OK, here's how regenerative braking works.
First, a little background information about motors and generators. This is all directly derived from the basic electromagnetic physics of a conductor in a magnetic field.
Basically, a motor and a generator are the same thing, used differently. Every motor acts as a generator, and generates voltage as it turns, proportional to the rotational speed. Every generator acts as a motor, giving torque opposing the driving torque, proportional to the current.
The opposing voltage is sometimes referred to as "back EMF", but let's just simplify the picture, and consider them both to be the same thing. By thinking of just one device (as it actually is), we have a very simple and accurate model.
So we can describe a motor very simply (as a slightly idealized model ignoring resistance and similar effects), thus:
a) The voltage is proportional to the speed. Reverse direction, and you get reversed voltage. If you control the voltage, you control the speed. If you control the speed, you control the voltage.
b) The current is proportional to the torque. Reverse the current, and you reverse the torque. If you control the current, you control the torque. If you control the torque, you control the current.
You can't control both voltage and current at the same time. If you change the voltage, how much current is determined by how much torque is required to speed up or slow down the motor and whatever it is attached to.
Likewise, if you control the current, you apply whatever torque is indicated by that current, and the voltage will reflect what the load does, speeding up, slowing down, or staying the same.
So, I'm driving my Prius (I actually have two Gen 1 Prius's), and I step on my brake, but not hard enough to engage the friction brakes (it does have friction brakes).
Or, I brace for a stop on my Segway, and it begins to decelerate accordingly. (It does NOT have friction brakes, and relies entirely on regenerative braking. Friction brakes would be incompatible with its self-balancing function).
To do this, both devices draw power from the drive motor. That is, they take current in the same direction as the motor's voltage is pushing it. Power = voltage x current, so this is power out. Power integrated over time is energy -- and this is the energy that's stored in the battery.
Now, there's a problem. Batteries operate at an approximately fixed voltage, based on the electrochemical reactions that go on inside.
But voltage varies with speed. So a regenerative system, to work at a low speed, has to accept the current at a low voltage, and yet stuff it into the battery at a high voltage.
To do this, we can use a bit of switching-transistor magic, in a circuit called a voltage multiplier. Let's take, say, four capacitors. We accept charge quickly from the motor (high current) and use it to charge the capacitors in parallel, matching the motor's output voltage at this speed.
Then, we flip a few transistor switches, and stack the capacitors in series, giving 4x the voltage, but only 1/4 the current (so it's the same amount of power out). This then pushes the charge into the batteries.
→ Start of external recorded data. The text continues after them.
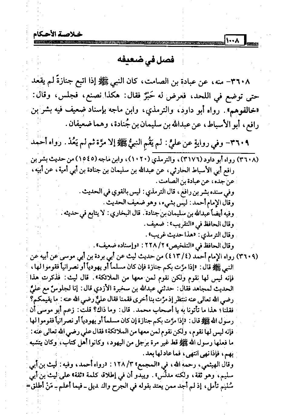 3608 - مِنْهُ، عَن عبَادَة بن الصَّامِت، كَانَ النَّبِي صَلَّى اللَّهُ عَلَيْهِ وَسَلَّم َ إِذا اتبع جَنَازَة لم يقْعد حَتَّى تُوضَع فِي اللَّحْد، فَعرض لَهُ حبر فَقَالَ: هَكَذَا نصْنَع، فَجَلَسَ، وَقَالَ: " خالفوهم ". رَوَاهُ أَبُو دَاوُد، وَالتِّرْمِذِيّ، وَابْن ماجة بِإِسْنَاد ضَعِيف فِيهِ بشر بن رَافع، أَبُو الأسباط، عَن عبد الله بن سُلَيْمَان بن جُنَادَة، وهما ضعيفان.
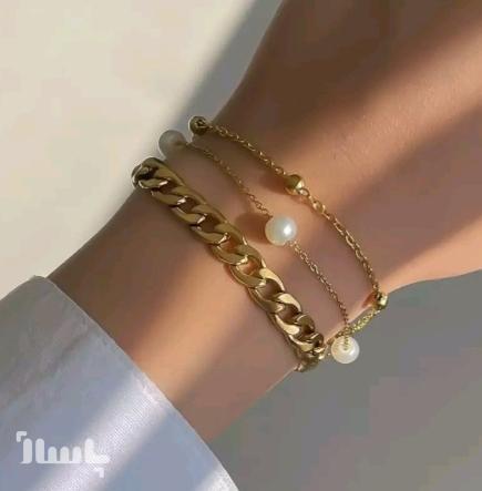 دستبند استیل و رنگ ثابت سه ردیفهکارتیر و مروارید و زنجیر توپی
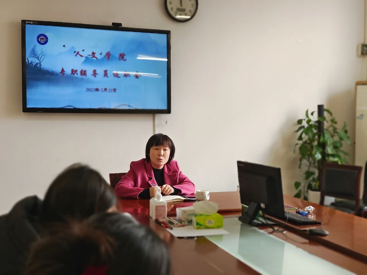 2月22日上午,人文学院在博识楼1318会议室召开2022年度专职辅导员述职大会。我院党总支副书记、副院长张晶主持会议,全体专职辅导员参加。

To take the energy back out on starting up again, we just reverse the process. Charge up the capacitors in series, dump them into the motor at a low voltage but high current for a good high starting torque -- but carefully, so we don't spin the tires. Note that this gives us high torque right where gasoline engines are at their worst -- low speeds.
That's about it, really. The batteries to hold the charge aren't very big, if you're only holding the energy from braking. Both a Segway and a Prius have batteries that are much larger than that, and can store enough energy to drive for a considerable distances on battery alone. (24 miles, for a Segway). Electric motors are relatively light for a given output, compared to an internal combustion engine.
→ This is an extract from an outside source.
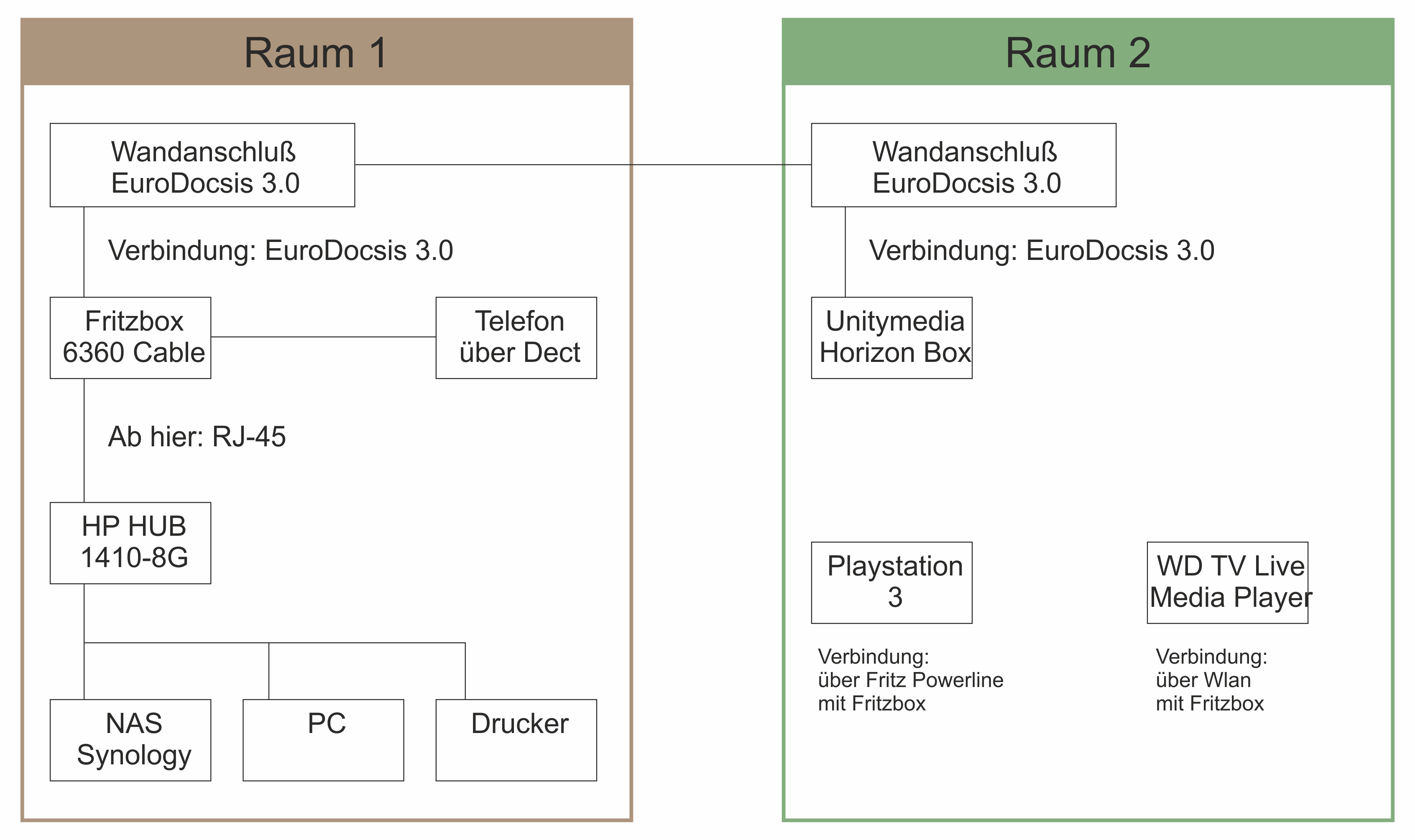 Im Raum 1 habe ich meine Fritzbox Cable (6360) daran über ein HP-HUB angeschlossen: PC's, Drucker und mein Synology NAS.

If you also use battery power to satisfy peak demand, you can save weight by using a lighter internal combustion engine AND add to its life by operating it in a lower-stress operating region. Extreme hybrids only need to size the engine to the average power demand.
Of course, in an electric vehicle, like the Segway, you have electric motors, motor controllers, and batteries anyway. You need ZERO additional parts, and ZERO additional weight to do regenerative braking. It's free energy. The same is true if you have a hybrid for other reasons (overall efficiency). There is never a reason to NOT do regenerative braking, if you have motors and batteries (or ultracapacitors) in place.